Natalie Jenkinson

Personal information
- Nationality: Australian
- Born: 18 November 1976 (age 48) Gladstone, Queensland, Australia

Sport
- Sport: Judo

= Natalie Jenkinson =

Australian judoka (born 1976)

Natalie Jenkinson (born 18 November 1976) is an Australian judoka. She competed in the women's half-heavyweight event at the 2000 Summer Olympics.

==Early life==
Jenkinson comes from a family of boxers. Her brothers, father and grandfather all boxed, but at age 11, Jenkinson began training in Judo.

==Career==
Jenkinson qualified for the Australian Judo Team, and competed in the 2000 Summer Olympics in the women's half-heavyweight event. After the Olympics, Jenkinson changed to coaching and competing in athletics, and trained masters athletics competitors Michael Curran and Hughie Thomsen. At the Queensland Country Athletics Championships, held at the University of the Sunshine Coast in April 2006, Jenkinson entered the women's 20-plus throwing events and won silver in the discus throw, gold in the javelin throw and gold in the shot put.
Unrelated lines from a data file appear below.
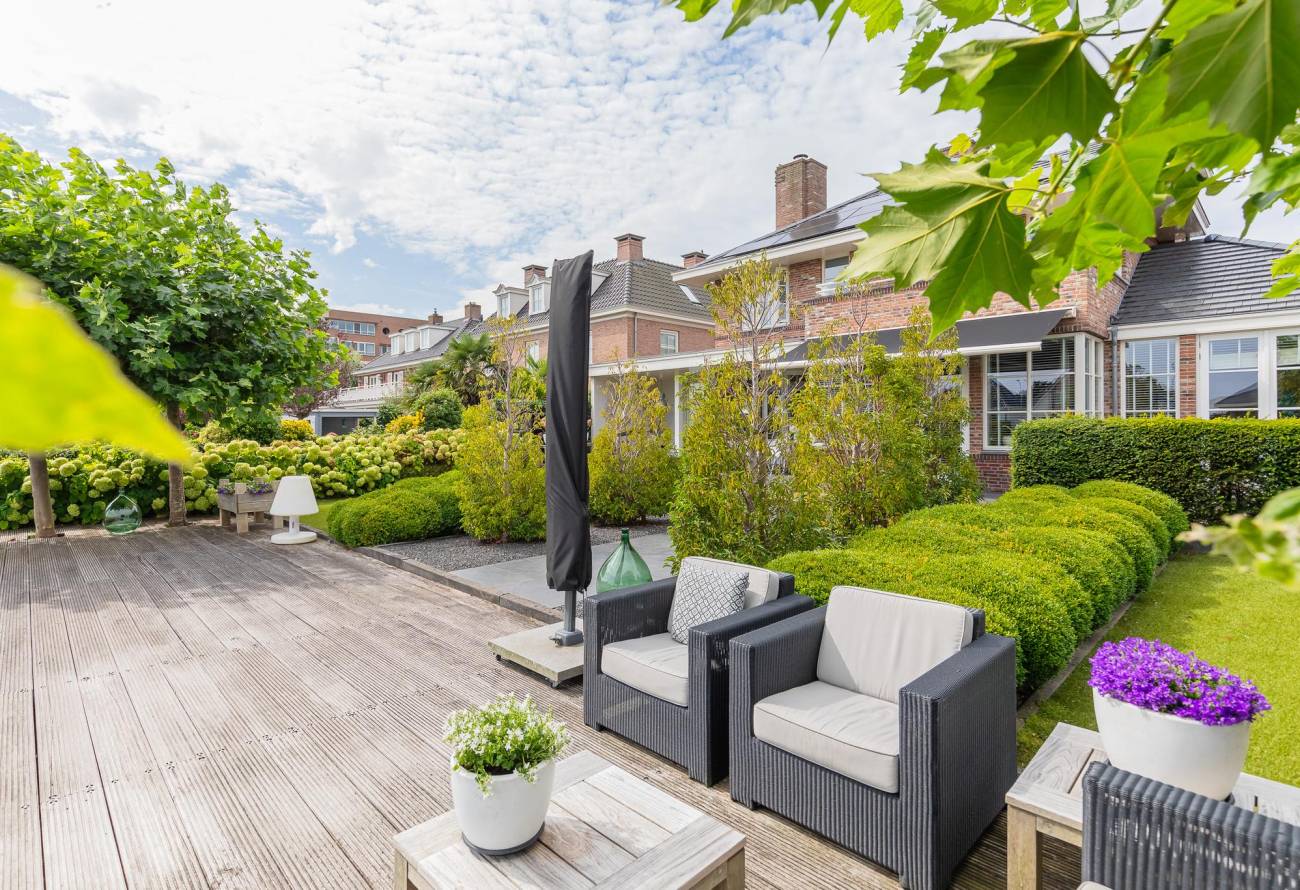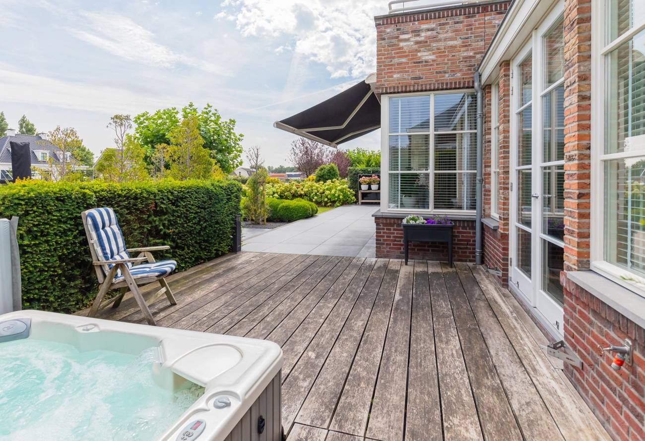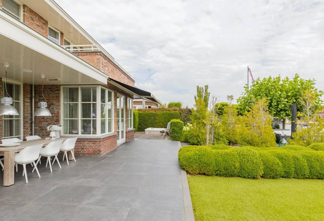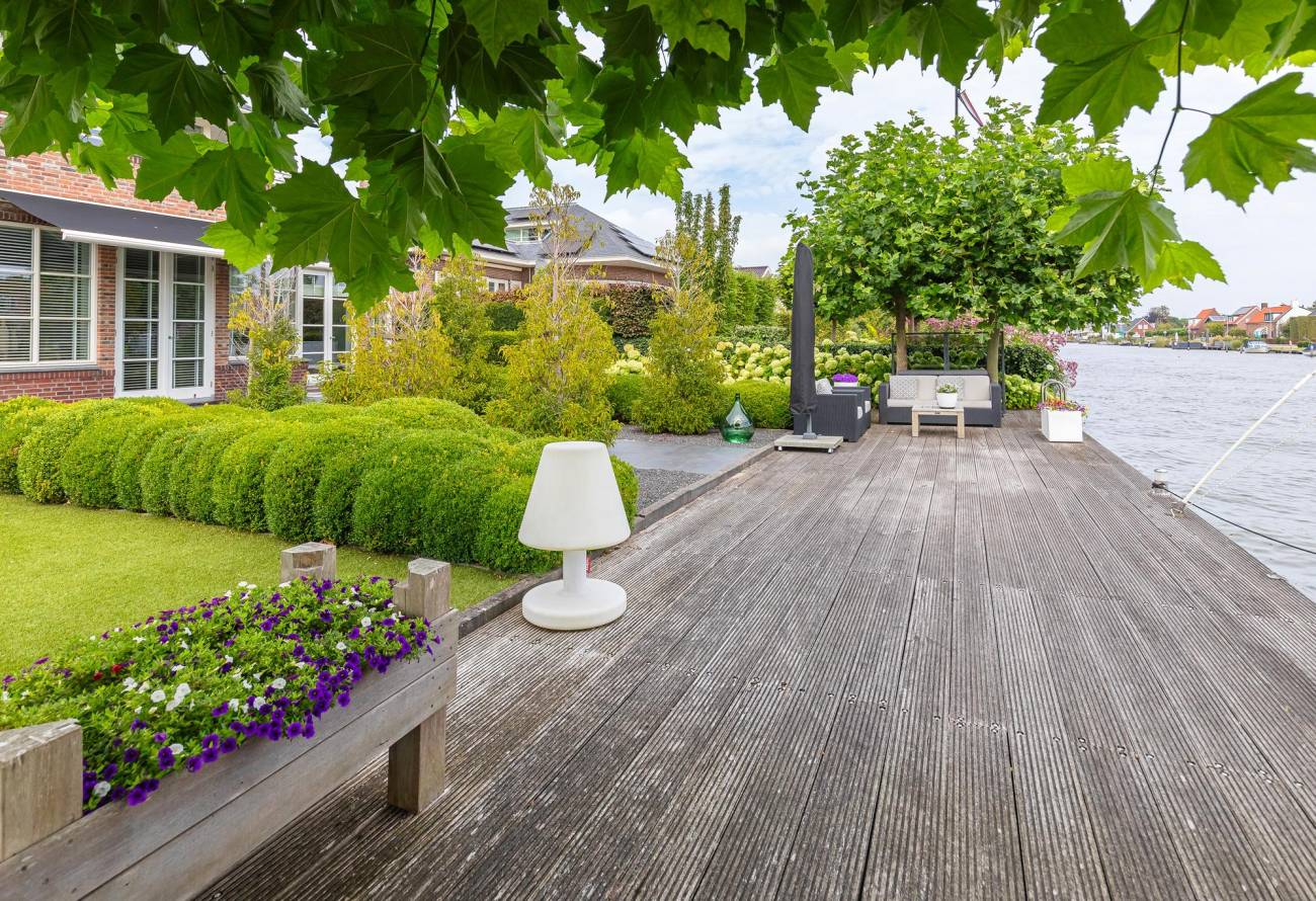 De sfeervolle tuin met terras en verlichting, welke vanuit de living, eetkamer en de Wellness is te betreden, heeft naast een terras rondom ook een fraai houten vlonderterras/aanlegsteiger. Van hier uit heeft u prachtig zicht over het water van de Ringvaart. Het royale achterterras van de villa is betegeld en heeft voldoende privacy. Hier in deze fraai aangelegde tuin zijn er dus genoeg terrassen gecreëerd om heerlijk van de tuin en het uitzicht te genieten.
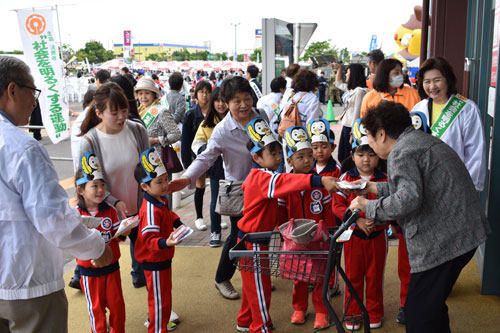 [写真/啓発グッズを配る昭和スポーツ幼稚園の園児ら ]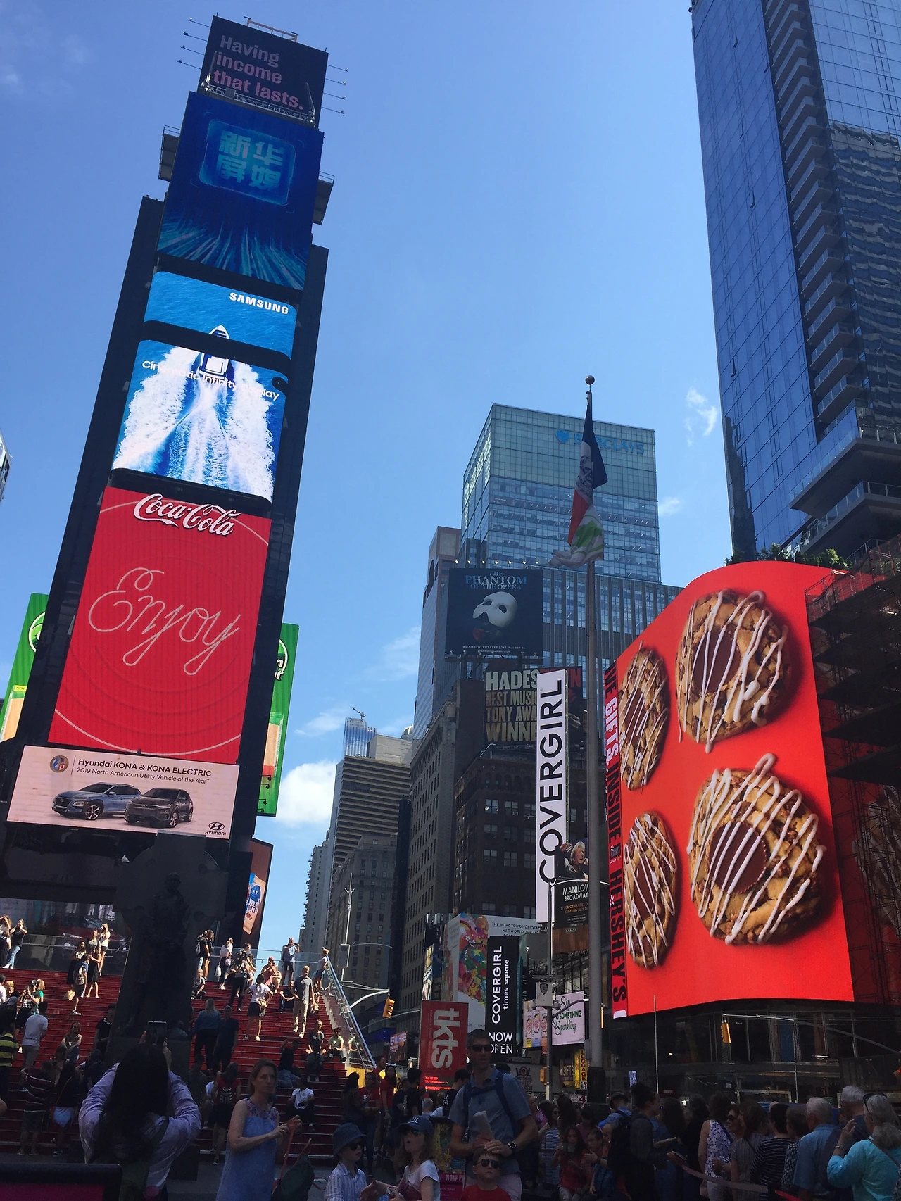 브라이언트 파크와 타임스퀘어는 아주 가까워 tkts의 뮤지컬 티켓을 확인하려 왔다. tkts는 브로드웨이 뮤지컬들을 판매하는 티켓 부스였는데 아직 아침임에도 불구하고 유명한 뮤지컬은 이미 매진인지 들어보지 못한 뮤지컬 티켓만 전광판에 걸려있었다. 하지만 운이 좋다면 유명한 뮤지컬을 예매할 수 있다고 한다.

Jenkinson also competed in Boxing and won four Australian Titles. On 31 March 2012, Jenkinson, then of the Pacific Club from Redland Bay, defeated Katrina Harvey to win an Australian title fight at King's Theatre at the Warwick RSL Memorial Club.

In August 2016, at age 40, Jenkinson was a coach at the Hit House Boxing Club at Bli Bli, Queensland. Some of her team participated in the National Golden Gloves (Australia's amateur boxing championships), held at the Acacia Ridge Tavern, Brisbane.